Живу. По осени картошку продам - куплю муку. Живу, когда почтальон придет да протянет пенсию. Слава Богу, и колхоз вот помогает, недавно выдали пять килограммов масла подсолнечного и мешок отрубей, вот иногда и балую ослика своего Муслима. Живем. Слава Богу, войны нет. Вот в Чечне, правда... Включаю радио - поют, а мне как-то неловко, вроде сама на похоронах пою. Но, Бог даст, утихнет, умиротворится, а то кости болеть больно стали. Война внутри у меня комом, - троих забрала - все, что было. Так-то, сынок... Ничего, хлебушек у нас есть, одеть чего имеется, никто не помыкает - чего не жить? Детям в последнее время конфет мало раздаю, - дорогие. Если здесь ребенку сладко, то и умершие умиротворены. А дети какие красивые пошли, - раньше один-два на все село, а сейчас - что ни дом, то полно красоты. С чего им красивыми не быть. А нашим детям - не так было. Советская власть, колхозы пошли, все на работах. Тогда инвалидов не было. Дети малые были - в колыбелях. Идешь на гору сено собирать, - колыбели эти с собой волочишь, отнесешь одну, бегом за второй. Дома - только ночевали. Потом война, выселение, возвратились - обустраивайся. Вся эта мерзость - в кровь да на лицо. Откуда детям красивым взяться?

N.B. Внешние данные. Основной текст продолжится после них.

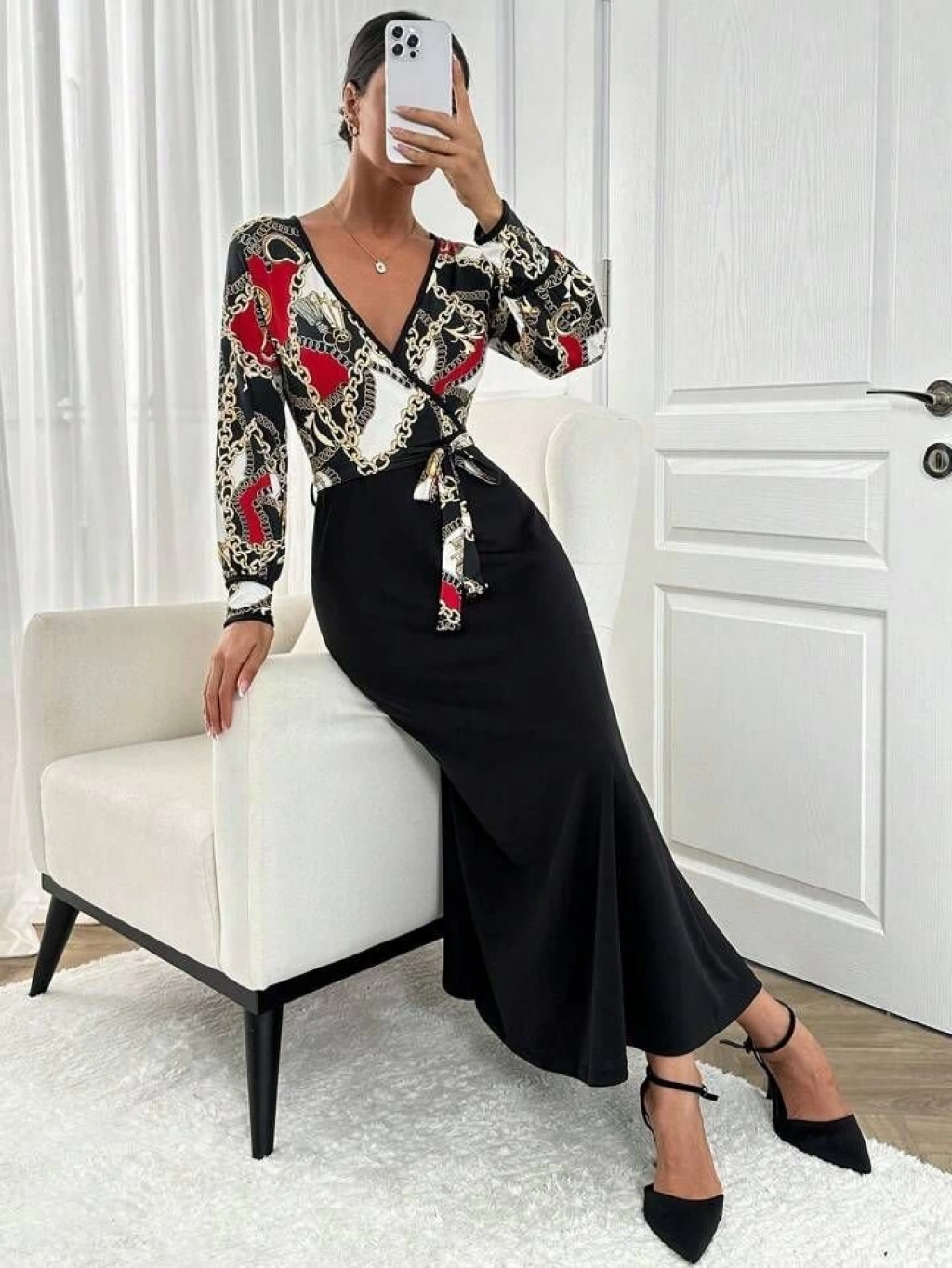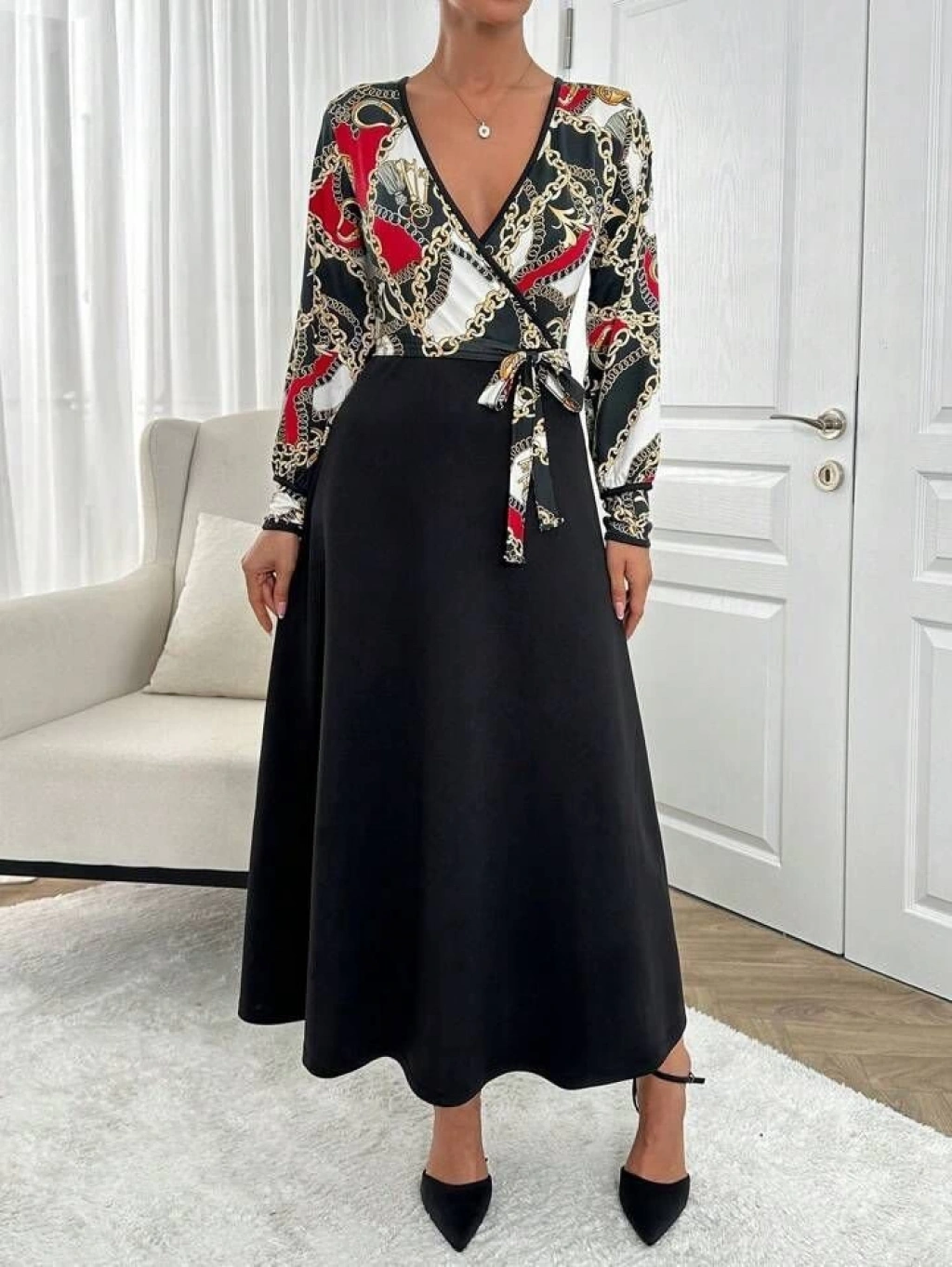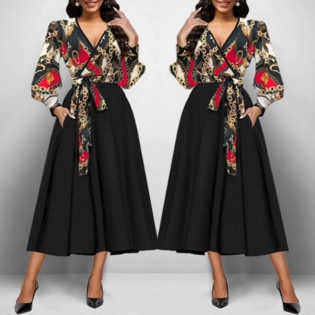 Kadın Uzun Kollu Kruvaze Yaka Dalgıç Krep Midi Boy Elbise
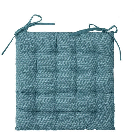 Galette de chaise apporte une touche de déco relax à votre intérieur ! Grâce à ses deux liens vous pourrez le ficeler facilement à votre chaise. Couleur: bleu canard. Dimension produit: L. 38 x l. 38 cm. Poids du produit: 3.54 kg. Matière: Coton
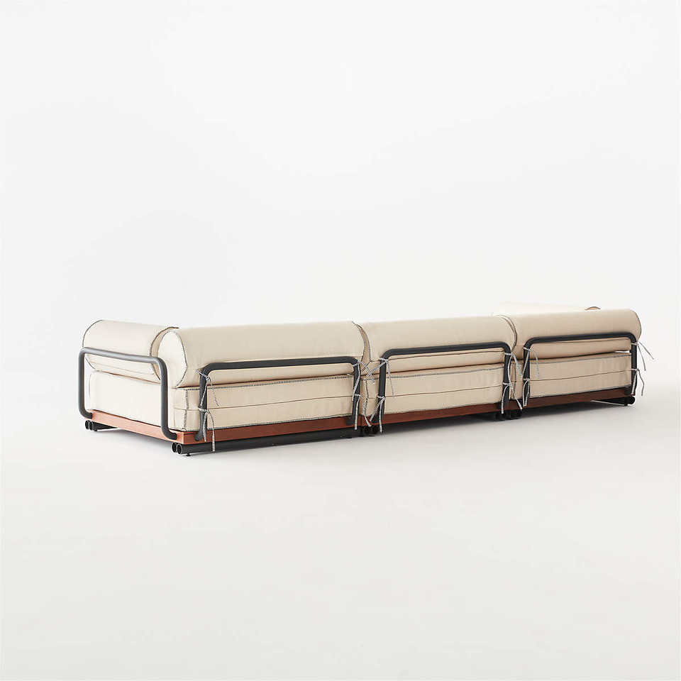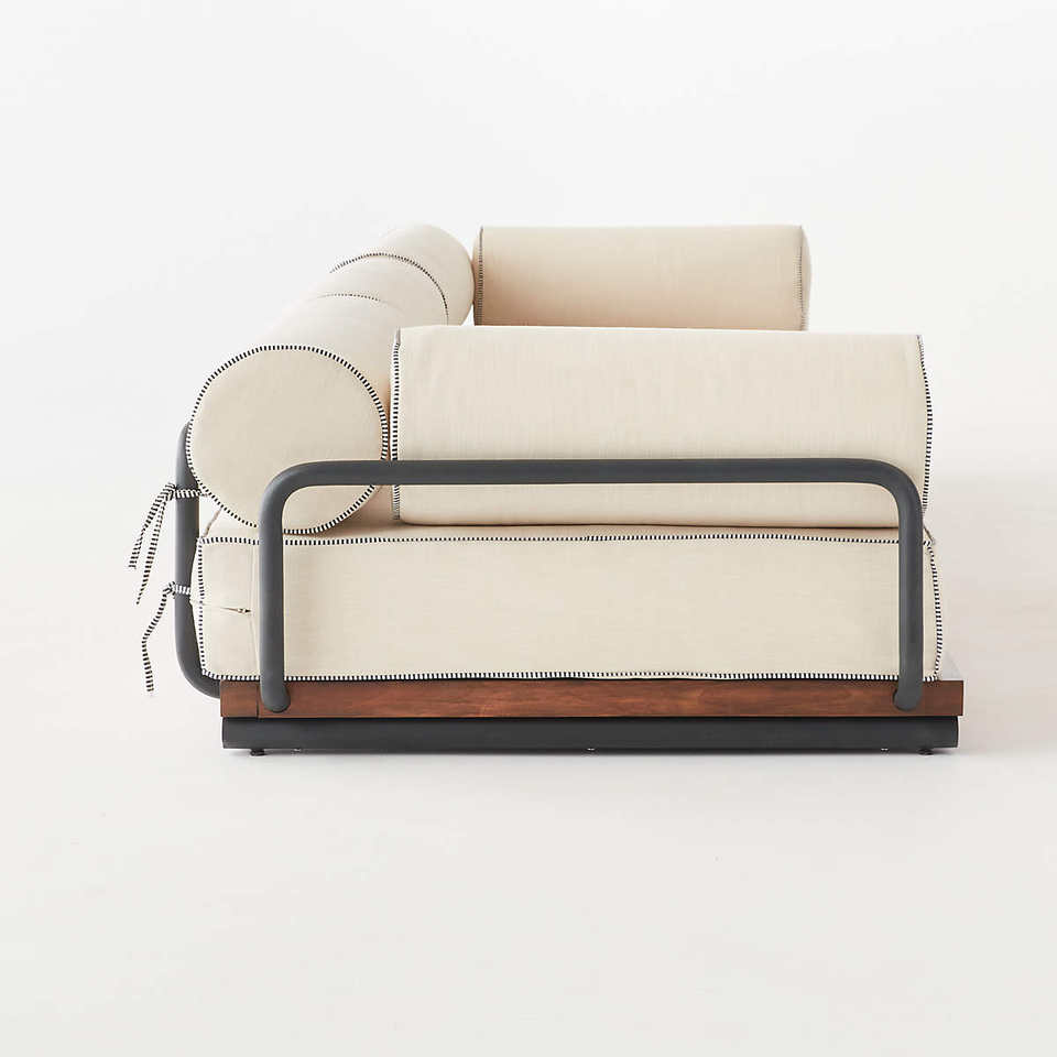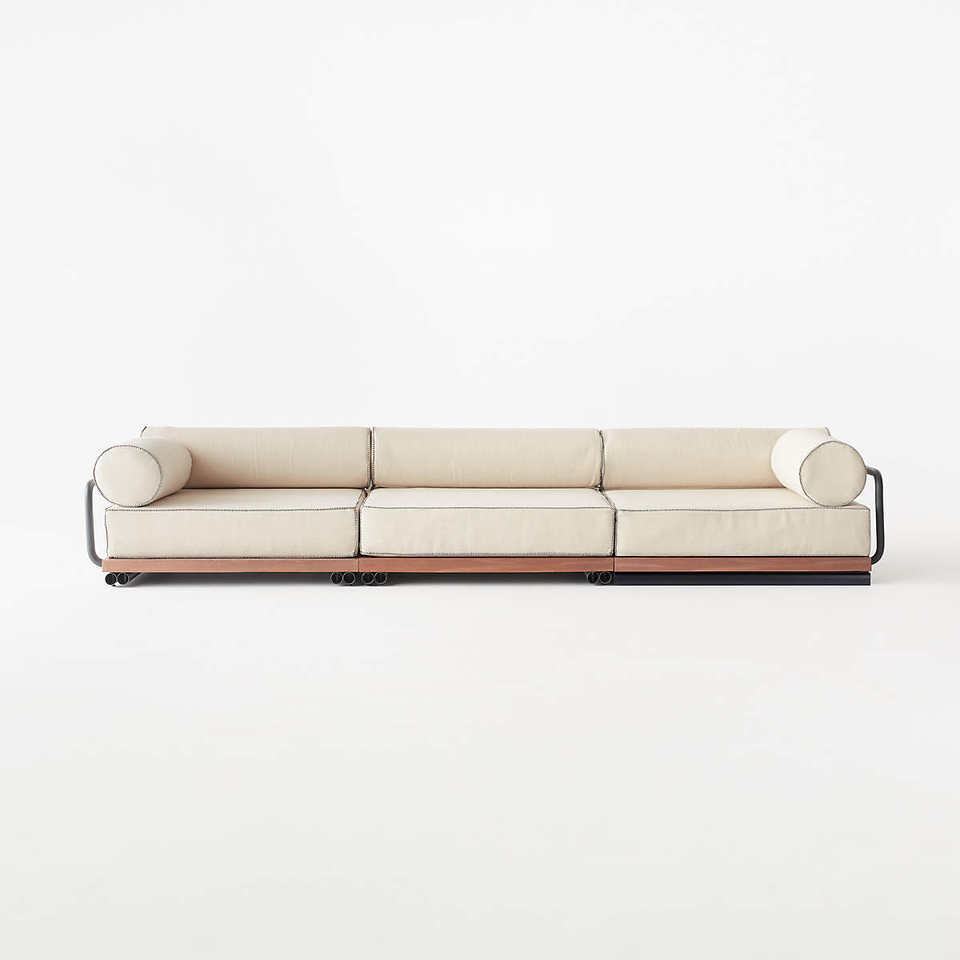 โซฟาสำหรับใช้งานภายนอกสไตล์โมเดิร์น โครงสร้างอะลูมิเนียมและฐานไม้สักแท้
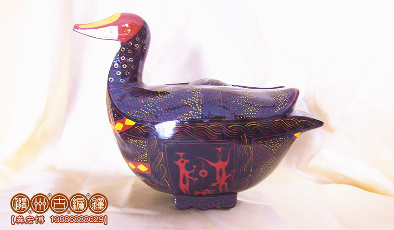 鴛鴦盒為木胎其身,體分兩半,制作再粘合成,頭頸與身體則榫卯相連,故頭能自由轉(zhuǎn)動(dòng)。背上有一長(zhǎng)方形口與蓋相扣合,蓋上浮雕龍紋。整器外髹黑漆,其上用紅色和金色描繪眼、嘴、羽毛以及菱形紋等。在它的腹部還描繪了建鼓舞和撞鐘擊磬的情節(jié)畫(huà)。考古顯示為古代宮女漆盒、木豆或胭脂盒。
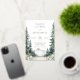 This wedding invitation features a serene, nature-inspired design with a vertical layout and symmetrical illustrations of evergreen trees framing the central text. The color palette includes soft greens and pale blues, creating a tranquil atmosphere reminiscent of a watercolor painting. Elegant script typography highlights the couple's names, while clean serif fonts provide additional details, all set against a light cream background for a timeless and harmonious look. Perfect for couples who appreciate botanical elements and a peaceful, inviting mood, this design captures the essence of celebrating love in a natural setting.
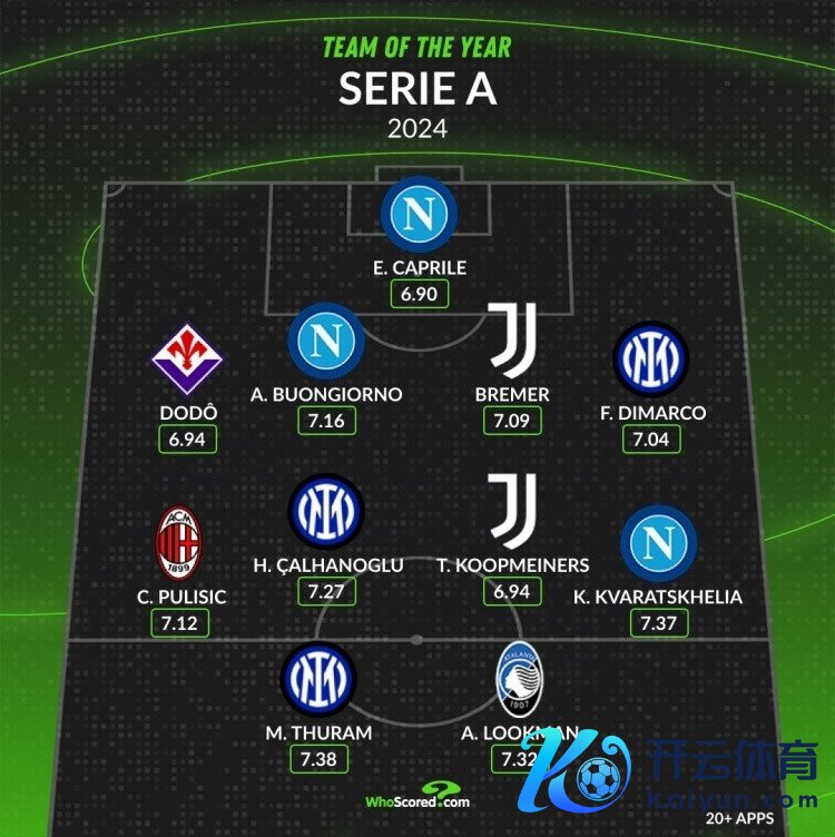 WhoScored证明球员的场均评分列出了2024年意甲最好声威,小图拉姆、恰尔汗奥卢、普利西奇、克瓦拉茨赫利亚在列,国米、那不勒斯各三名球员入选的。
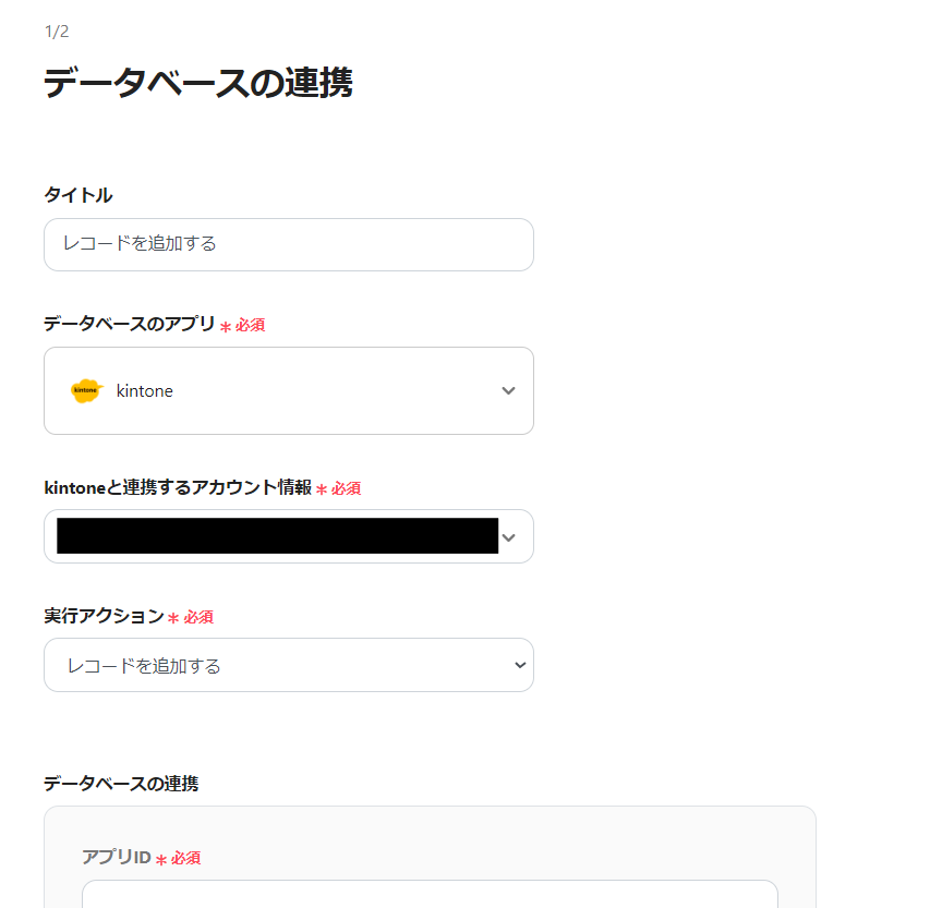 2) アクションは「レコードを追加する」を選択して、アプリIDを入力し、「次へ」をクリックします。
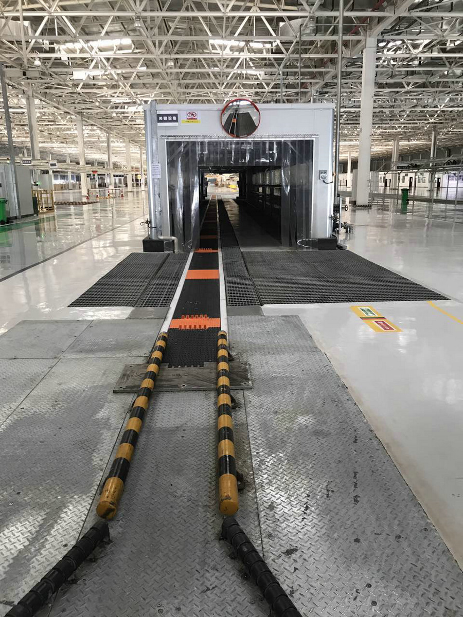 淋雨系統(tǒng)由室體、噴淋系統(tǒng)、鋼結(jié)構(gòu)骨架、地坑蓋板、地坑照明及電氣控制系統(tǒng)等組成。淋雨強(qiáng)度可達(dá)中高等強(qiáng)度≧25L(min*㎡),淋雨時間≧15分鐘,水泵可采用變頻可調(diào),淋雨方式(手)自動全噴淋。
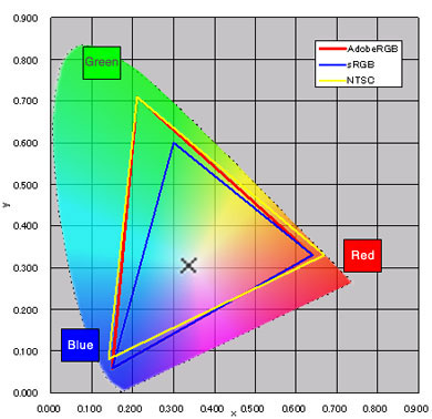 Az érthetőség kedvéért: A pontozott vonallal közbezárt színes terület az emberi szem által érzékelhető színtartomány teljes egésze. A kék háromszög által bezárt terület az sRGB színtér. Ezt a WCG nélküli sRGB monitorok (túlnyomó részt ilyenek az eIPS / UH-IPS / AH-IPS panelekkel szerelt monitorok) áltagban kb 95%-ban fedik. A Piros háromszög által bezárt terület az Adobe RGB színtér, melyet az olcsóbb WCG-s monitorok szintén jellemzően 95% körüli arányban fednek (WCG-s monitort főleg H-IPS, S-IPS, és SPVA panellel szerelve találunk, de ezekkel a panelekkel is csak speciális háttérvilágítással érhető el ilyen nagy színtér). A képen látható, hogy az sRGB színtér az emberi szem által érzékelt színtartomány felét sem teszi ki. Innentől mindenki maga döntse el, hogy jelent-e valamennyi előnyt az a saccra 20%-25% többlet, amivel még mindig elég messze vagyunk az emberi szem által érzékelt színtartomány teljes lefedésétől. (Azt viszont itt még megjegyezném, hogy mondjuk egy 96% AdobeRGB színterű monitor még jelentős többlet tartományt fedhet az emberi szem által érzékelt színtérből, ami az ábrán jelölt szabványokon kívül esik)
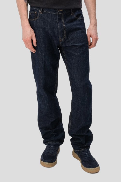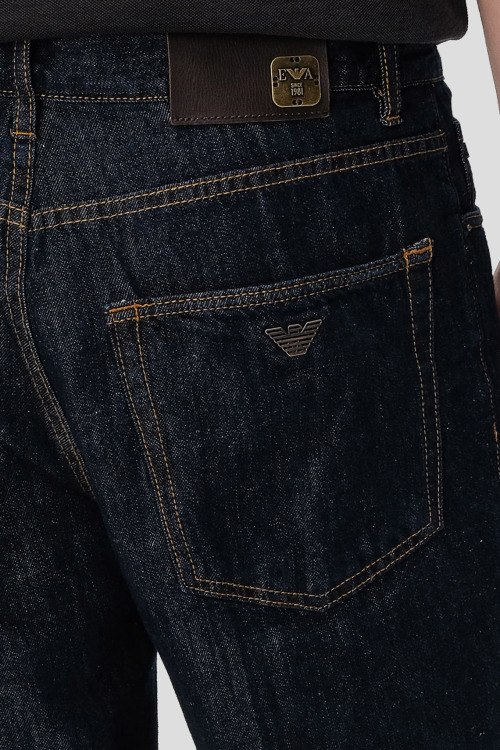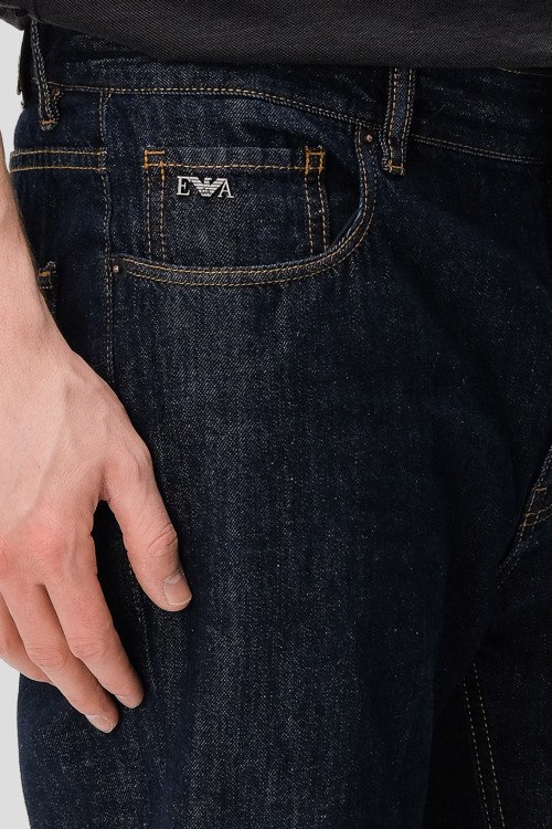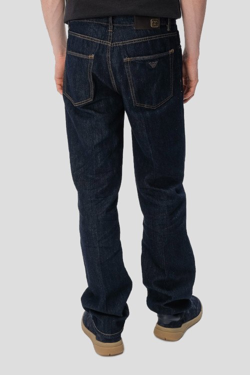 Детали: Мужские темно-синие джинсы J76 из хлопка и льна от Emporio Armani (Эмпорио Армани). Классическая длина, застежка на молнию и пуговицу, пять карманов, петли в поясе для ремня, патч-лого

Мы ели траву-кисличку да запивали барбарисовым соком, арбузы со шкурой поедали, голо было, ни фрукты какой, ни овощей. Отцы в кошарах пропадали, матери из-под коровы вылезти не могли. С чего красота-то, сынок, откуда взяться ей?

Жаль вот родственники редко проведывают. Родственник, видно, как ветер: слышать - слышишь, а видеть - не видишь.

А поутру два друга, две родственные души, любимцы Бога - Жансурат и ослик Муслим, бредут по бесконечной мерзкой дороге в сторону дальнего леса, идут налегке, а выходят оба груженые. Вечерком пьем с ней чай.

- Слышишь, сынок, во дворе ветер играет с брошенной бумажкой, звук ее напоминает мною прожитые годы. - И светлые глаза ее наполнились слезами. Как-то встретил ее: нарядная, веселая...

- Куда собралась, Жансурат?

- Сказали, нам волю дают, вот иду голосовать.

- Возвращайся свободной! - крикнул ей вослед...

Обратно к оглавлениям

 ЖАНТУГАН

- Люди злы, - сказал я.

- Нет, они добры, - сказала она, - просто они спешат, гонит их кто-то невидимый и сильный. Вот если бы всех людей вдруг остановить и стояли бы они так, чтобы видели друг друга, а подойти не могли. И сказал бы им невидимый, сильный и очень веселый: "Берите, люди, все, что хотите!" И получили бы люди все, что хотели, но не имели бы их руки возможности ласкать друг друга, слова их уносил бы ветер, и только глаза искали бы, неважно кого, ближнего или дальнего, потому что после разлуки все были бы близкие и чистые. И сказали бы люди, уставшие от большой разлуки, тому невидимому: "Забери все и допусти друг к другу".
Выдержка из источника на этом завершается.